2. Material and method
European shore crabs (Carcinus maenas; 5–8 cm carapace width) were collected from Portaferry, Northern Ireland, UK, using baited pots and transported to Queen's University, Belfast, UK. They were housed in plastic tanks (76 × 38 × 17 cm) filled with aerated seawater to a depth of 5.6–6.5 cm and maintained at a 12 L : 12 D regime. Seaweed (Ascophyllum nodosum) was provided as shelter.
Each crab (N = 40) was individually transferred to a plastic tank (34.4 × 11.5 cm) containing a layer of gravel and approximately 1 cm seawater. Insulated copper wire (0.20 mm diameter), with the insulation removed from each end was placed around the proximal joint, where there is no calcification, of each fifth walking leg. Crabs were randomly assigned to shock (n = 20) or no-shock (control) (n = 20) groups, decided by a roll of a dice. The crabs to be shocked then had the other end of each wire attached to a Grass S9 electric stimulator (West Warwick, RI, USA). The left and right legs had wires randomly attached to the positive and negative terminals of the stimulator and, following Magee & Elwood , shock was set to deliver at 10 V and 180 Hz for 200 ms with 10 s intervals for 2 min. The wires for the control group were not attached to the stimulator but the crabs were otherwise treated the same.
Behaviour was observed during the 2 min shock or control period and crabs were categorized into three types, no movement throughout, walking but no extreme response, and extreme response, which included animals that attempted to climb the walls of the tank, showed the threat posture or autotomized a walking appendage.
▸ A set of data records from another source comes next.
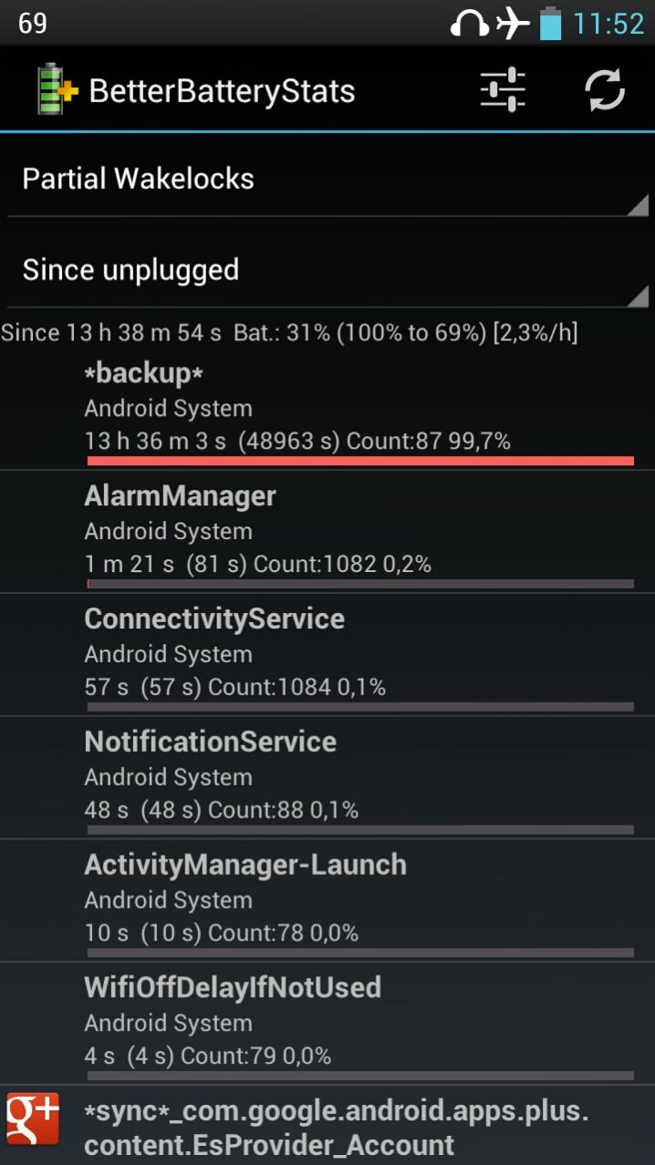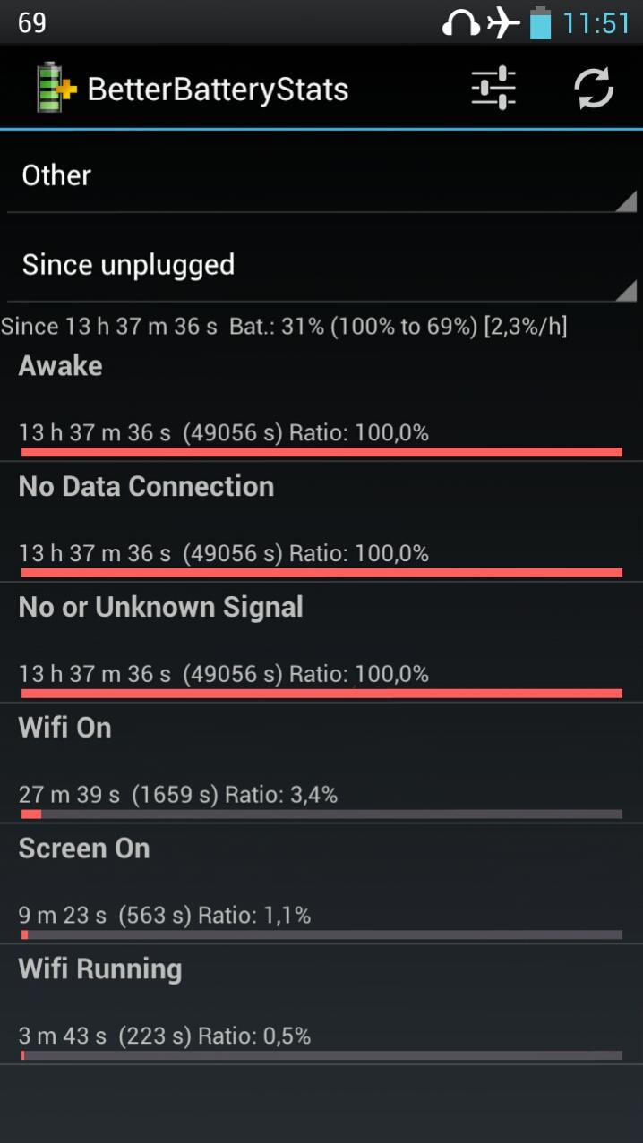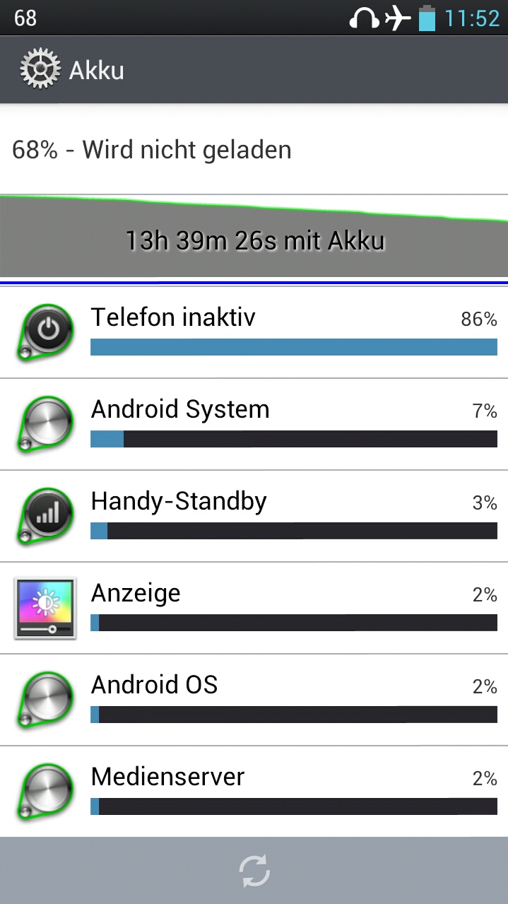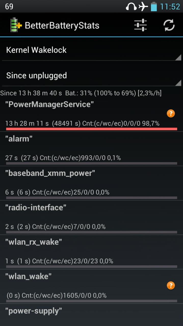 ich bin seit einigen Tagen stolzer Besitzer des oben genannten Phones und soweit auch ganz zufrieden. Lediglich der Verbrauch im Standby erscheint mir ein bisschen zu hoch. Nachdem ich das Gerät gestern abend auf 100% geladen habe, lag es nach etwa 14h Standby nur noch bei 55%. Während dieser Phase war der Flugmodus aktiviert, d.h. sämtliche Datennetze, GPS, Bluetooth & Co. waren deaktiviert. Mithilfe von CPUSpy habe ich herausgefunden, dass das Gerät von insgesamt 51 Stunden Betriebszeit (in dieser Zeit wurde das Gerät zweimal voll aufgeladen) nur knapp über 3h im DeepSleep-Modus war. Ich vermute, dass sich hierdurch der hohe Standby-Verbrauch begründen lässt.
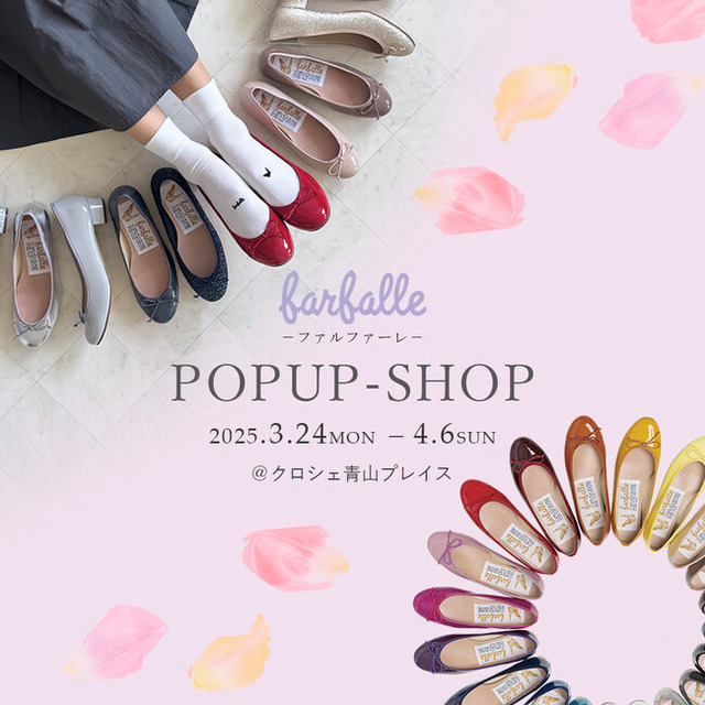 「ここち良さを、あたらしい視点から」を企業理念に掲げるレディースアパレルの株式会社クロシェ(代表取締役:沼部 健、本社:神戸市中央区=以下、クロシェ)は、自社のバレエシューズブランド【farfalle/ファルファーレ】のPOP UPイベントを、東京・南青山のプレスルーム兼ショールーム「クロシェ青山プレイス」で2025年3月24日より4月6日まで行います。
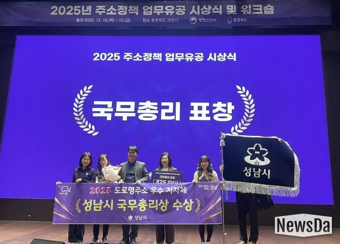 뉴스다 최광묵 기자 | 성남시는 행정안전부가 주관한 2025년 주소정책 업무 평가에서 도로명주소 활성화 분야 우수 지자체로 선정돼 국무총리 기관표창을 수상했다고 19일 밝혔다.
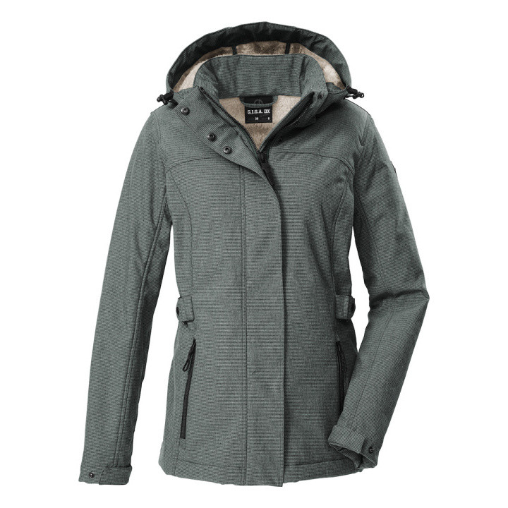 La chaqueta softshell para mujer G.I.G.A. DX, con finas rayas, es ideal para la temporada fría. Con una impermeabilidad de 8,000 mm, protege del viento y la humedad mientras es transpirable. Forrada con polar suave, te mantiene bien abrigada. La capucha es ajustable y desmontable. La talla es ajustable gracias a las correas de ajuste laterales. El dobladillo y los puños también son ajustables. La cremallera oculta de doble sentido asegura una gran libertad de movimiento y cuenta con un protector de mentón práctico. Los dos bolsillos laterales con cremallera permiten guardar tus cosas de manera segura. Esta chaqueta ha sido impregnada sin PFAS. - Chaqueta softshell mujer con capucha desmontable - Repelente al agua (8,000 mm), transpirable y cortaviento - Forro polar cálido, cremallera de doble sentido oculta - Impermeabilización sin PFAS - Talla, dobladillo y puños ajustables - Bolsillos con cremallera prácticos
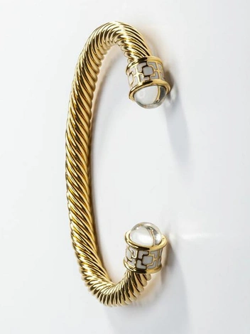 Описание продукта гласит: «Аквамариново-золотой браслет Halcyon Days Maya перенесет вас в спокойные голубые воды Карибского моря. Браслет Maya сделан из гибкой проволоки, которую можно аккуратно сжать, чтобы она соответствовала запястью любого размера. Изготовленный из латуни и покрытый блестящим 18-каратным золотом, каждый браслет имеет изогнутый силуэт произвольной формы и украшен стеклянными кабошонами цвета морской волны. Носите его отдельно в качестве эффектного предмета гардероба или комбинируйте с тремя или четырьмя другими предметами из коллекции Halcyon Days Maya, чтобы создать многослойный образ, который будет одновременно элегантным и роскошным». Halcyon Days может похвастаться богатой историей отношений с королевской семьей: это одно из 14 предприятий, получивших все три королевских ордера, и единственный поставщик предметов искусства для королевской семьи.

The number of shocked and non-shocked crabs in these categories was compared using a χ2-contingency test.
We waited for 4 min after treatment to allow for thorough circulation of the haemolymph, before a haemolymph sample was taken with a syringe inserted into the base of a fifth walking leg and the lactate level measured using a Lactate pro (Arkray Inc., Arkray Europe). The data for lactate were not normally distributed and were transformed (lactate + 1) log10 and the means compared using a Student's t test. We show untransformed means in the figure.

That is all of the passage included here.